Beirut: Continuing his vocal opposition to any accommodation with Hezbollah, Ashraf Rifi — Lebanon’s former head of the Internal Security Forces (ISF) and former Minister of Justice — told Kuwait’s Al Qabas daily that his former allies in the Future Movement and the moribund March 14 coalition “bowed to Hezbollah.”

In what was a dramatic accusation, Rifi declared “the party has 17 [out of 30] ministers in this government [led by Prime Minister Saad Hariri] and this is a major national crime against the cause,” which implied that except for Future (7), Lebanese Forces (3), Progressive Socialist Party (2) and a sole independent minister, all of the others — those that belonged to the Free Patriotic Movement (8), Amal (3), Hezbollah (2), and one each for the Tashnag Party, the Marada Movement, the Lebanese Democratic Party and the Syrian National Socialist Party — were beholden to Hezbollah.

Rifi accused his erstwhile Future allies, declaring: “Corrupts cannot build a state and those who surrender cannot build a state. We are against corruption and surrender,” adding that it was better to remain principled than to kowtow to pragmatism.

In what was a direct attack against Hariri, a potential rival in the upcoming parliamentary elections, Rifi stated that pragmatists “might cooperate with the occupier in a certain period while principled individuals shun any post or personal gains,” concluding with an open declaration of war: “the approach of pragmatism sometimes leads to high treason.”

The increasingly popular Rifi announced that he would be a candidate in the next elections as he anticipated to field candidates in Tripoli, Minieh, Dinniyeh, Akkar, central and western Bekaa, Iqlim Al Kharroub and Beirut’s second and third electoral regions.
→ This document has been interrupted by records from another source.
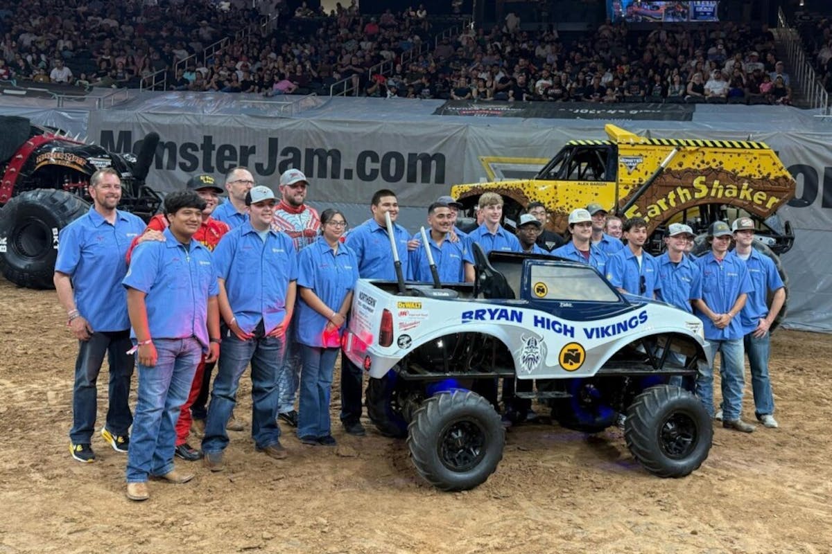 A group of Bryan High School Career and Technical Education (CTE) students in Bryan, Texas, spent the last school year building a 1/3-scale monster truck from scratch. The mini monster truck project is part of Northern Tool + Equipment’s Tools for the Trades program. The program partnered with the school and Monster Jam to make the build happen. The build’s official name is the Northern Tool + Equipment Tools for the Trades Monster Jam Mini Build—supported by DEWALT, Ingersoll Rand, and Milwaukee Tool.
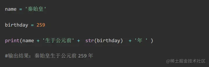 当我们想要 print('秦始皇生于公元前' + 259 + '年 ' )时,我们发现出现了一下错误
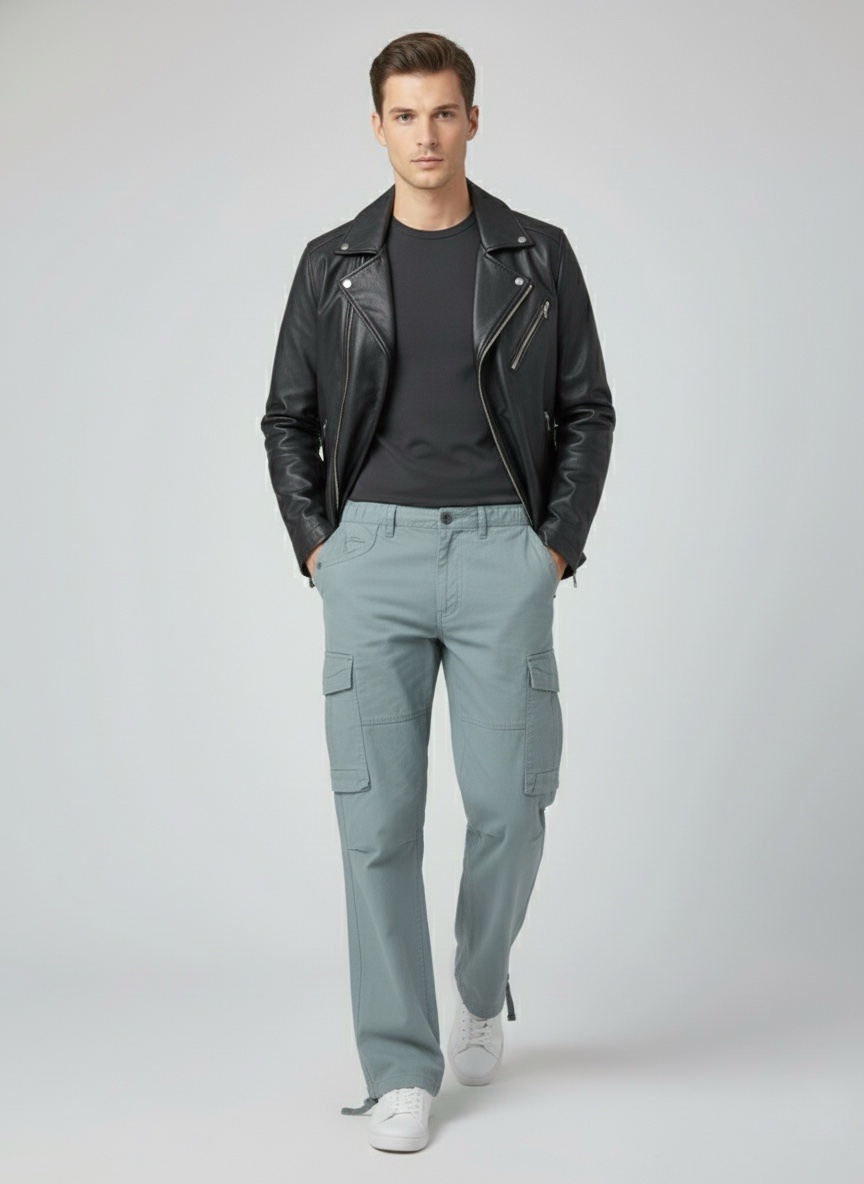 Elevated Utility: Light Gray High-Waist Cargo Trousers
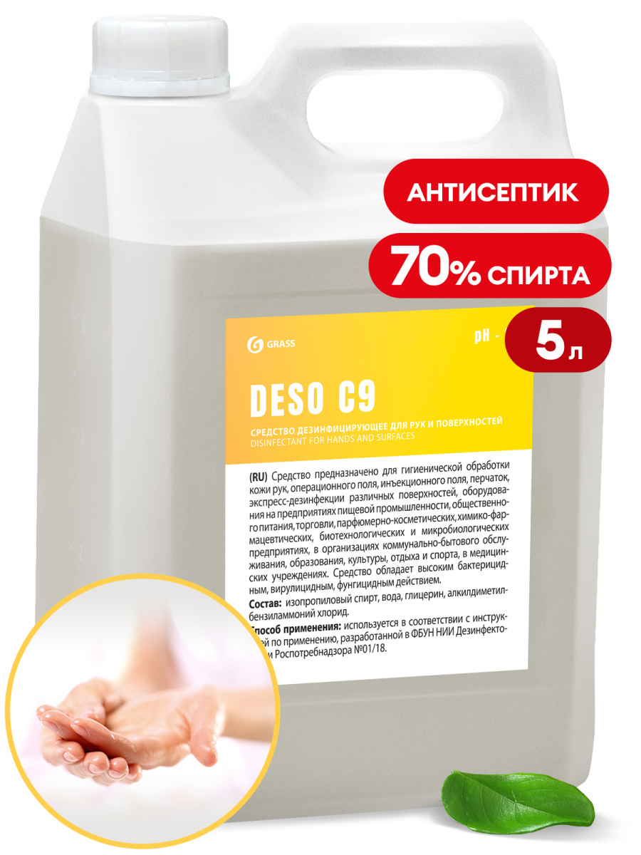 Дезинфицирующее средство "Deso" C9 на основе изоприл.спирта GRASS 5кг.
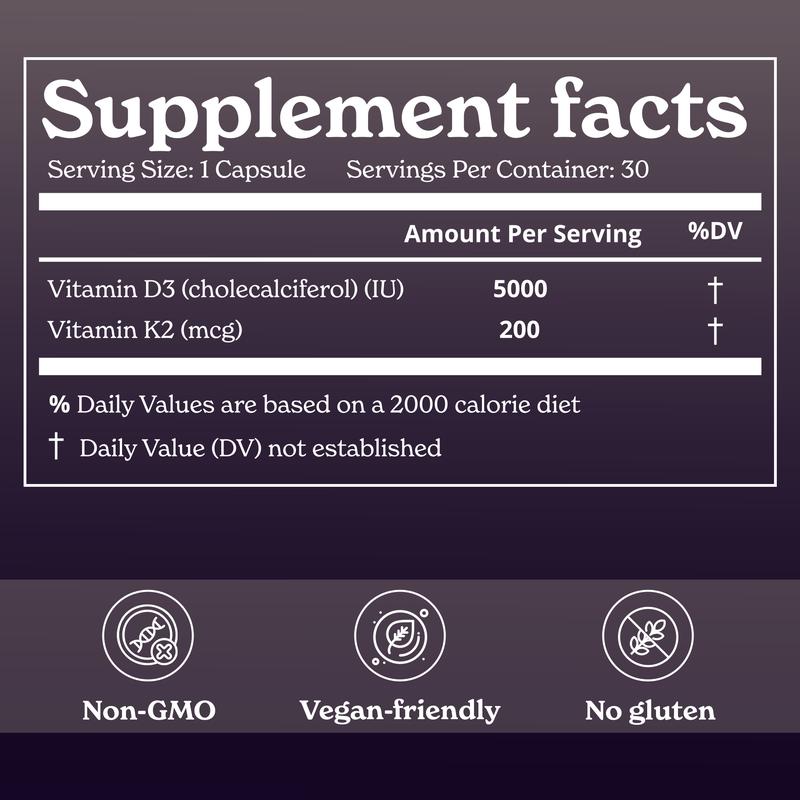 ·Each capsule delivers a potent blend of 5000 IU of Vitamin D3 and 200 mcg of Vitamin K2 to help promote bone strength, calcium absorption, and immune health.*

These are all Future strongholds where Sunni constituents lead.

“We will not engage in Sidon’s electoral battle out of respect for Bahia Hariri and Fouad Saniora,” two leading Sunni parliamentarians, Rifi added, but vowed to fight for all other seats.

Unabashed, he affirmed that his contenders “will not allow a win for any of Hezbollah’s candidates in [these] electoral strongholds,” underscoring that the party’s military might did not scare him. “Hezbollah cannot overlook or eliminate me, even if it possesses 200,000 rockets,” he hammered, because he insisted that he was “not engaged in a military confrontation.”

Far more important, and perhaps for the first time uttered by a leading Sunni figure, Rifi clarified that Sunnis and Shiites “are equal demographically and ... present on the same land.”